东北地区大豆单产空间分异特征及其影响因素分析

作为中国最重要的大豆主产区，东北地区的大豆生产成为解决大豆进出口产需问题的核心。明晰东北地区大豆单产空间分异特征及其影响因素，对于保卫“黑土粮仓”和夯实粮食安全“压舱石”具有重要意义。该研究基于谷歌地球引擎（Google Earth Engine，GEE）平台，采用多特征随机森林的分类方法，提取2022年大豆种植空间分布信息，结合多时相叶面积指数（leaf area index，LAI）数据与实测产量建立大豆估产模型，明晰区域大豆单产空间分异特征，运用地理探测器定量解析大豆单产空间分异特征的影响因素。结果表明：1）2022年东北地区大豆种植面积的总体提取精度达89.48%，Kappa系数为0.89，与统计数据之间的决定系数（R²）为0.92。大豆种植面积由北向南递减，大豆种植区主要分布于松嫩平原地区，重心位于绥化市。2）2022年东北地区大豆平均单产为2514.08 kg/hm²，与实测产量之间的R²为0.72。大豆单产空间分布集聚性显著，呈现出北高南低的分布特征。3）土壤类型、土壤pH值和大豆补贴是解释大豆单产空间分异特征最重要的3种单因子，q值分别为0.27、0.24和0.24。
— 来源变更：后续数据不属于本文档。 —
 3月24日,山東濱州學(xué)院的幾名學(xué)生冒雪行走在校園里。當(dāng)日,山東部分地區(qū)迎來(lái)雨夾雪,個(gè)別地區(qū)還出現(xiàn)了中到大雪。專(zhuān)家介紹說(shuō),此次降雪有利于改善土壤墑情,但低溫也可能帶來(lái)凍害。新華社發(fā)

年均降雨∩年均积温、年均降雨∩大豆补贴以及土壤类型∩大豆补贴是解释大豆单产空间分异特征最重要的3对交互因子，q值分别为0.44、0.40和0.40。人为因素对大豆单产差异影响显著，大豆补贴、大豆粮价、农业灌溉面积、农业机械总动力、肥料价格和文盲率的最佳影响范围分别为4801～7500元/hm²、5601～5800元/t、13.6×10⁴～26.4×10⁴ hm²、252×10⁴～436×10⁴ kW、2500～2602元/t以及1.4%～1.8%。东北地区大豆单产在空间上呈现由北向南递减的趋势，具有显著的空间异质性。大豆单产空间分异受自然因素与人为因素的共同影响，自然因素起主导作用，人为因素起调控作用。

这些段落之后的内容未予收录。